The blink logic is simple. Two fast blinks move to the next song. Three blinks pause or resume playback. The system runs in real-time, responds quickly, and avoids reacting to normal eye movements. This keeps the interaction smooth.
This approach can be useful for people who have limited movement, or for public systems where hands-free control is preferred. It can be made better by adding voice input, tracking head tilt for volume, or letting the eyes pick items from the screen.
The current setup already works without needing any training or calibration, and it stays accurate in most home lighting conditions. With some updates, it can be turned into a full-featured tool for daily use.
📚 References
- Soukupová, T., and Čech, J. (2016). Real-Time Eye Blink Detection Using Facial Landmarks. Proceedings of the 21st Computer Vision Winter Workshop.
- Kazemi, V., and Sullivan, J. (2014). One Millisecond Face Alignment with an Ensemble of Regression Trees. IEEE Conference on Computer Vision and Pattern Recognition, pp. 1867–1874.

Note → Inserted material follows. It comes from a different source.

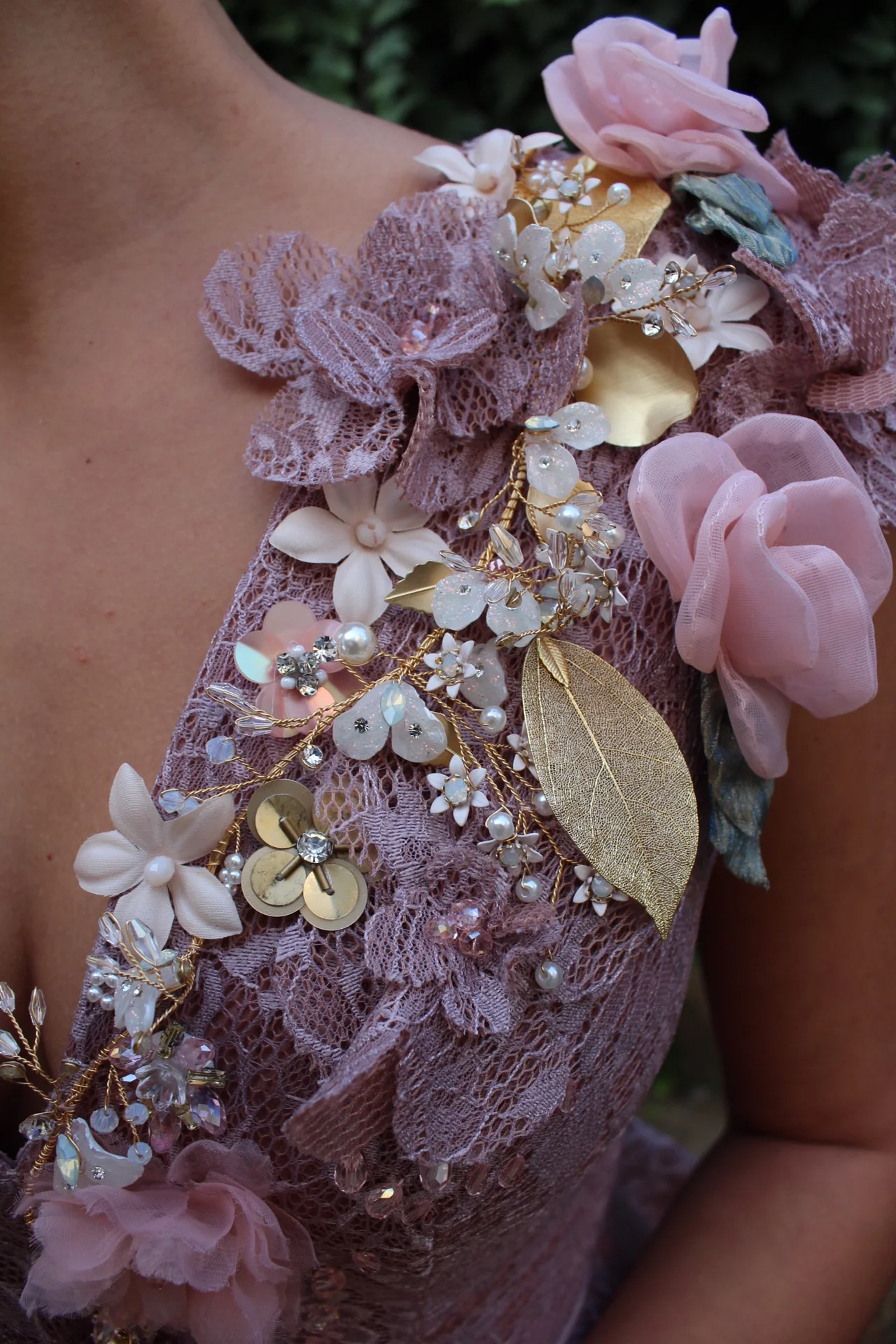 - Handmade embroideries different kinds of flowers,leaves and crystals

- OpenCV. Open Source Computer Vision Library. https://opencv.org/
- Dlib C++ Library. Machine Learning Toolkit. http://dlib.net/
- PyAutoGUI. Cross-platform GUI Automation. https://pyautogui.readthedocs.io/en/latest/
- Pygame Documentation. Mixer Module. https://www.pygame.org/docs/ref/mixer.html
- CS50 AI Course. Harvard University. https://cs50.harvard.edu/ai/
💾 Code and Project Files
The full source code for the gaze-controlled media player is available on GitHub. It includes the blink detection scripts, MP3 playback mode, external media control, and setup instructions. You can test it using any standard webcam and a folder with MP3 files.

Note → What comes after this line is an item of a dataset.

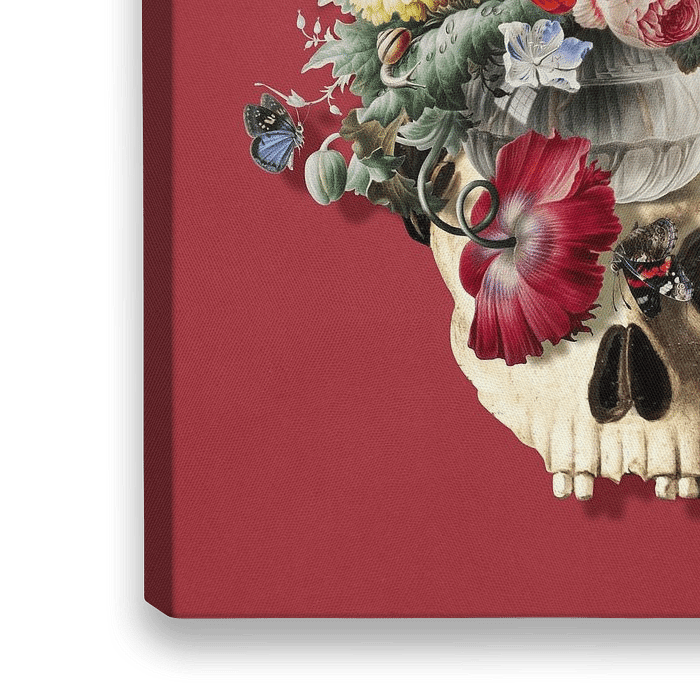 Stilleven met schedel, bloemen en vlinders en met licht 3D-effect, op rood/roze achtergrond.

🔗 GitHub Repository: github.com/AbhishekTyagi404/gaze-media-player
The repository includes:
- Python scripts for blink-based control
- MP3 player mode using Pygame
- External control mode using PyAutoGUI
- Sample media folder setup
- Instructions for installing dependencies and running the app
The project runs best on a system with at least 8 GB RAM and a webcam that can deliver 25 or more frames per second.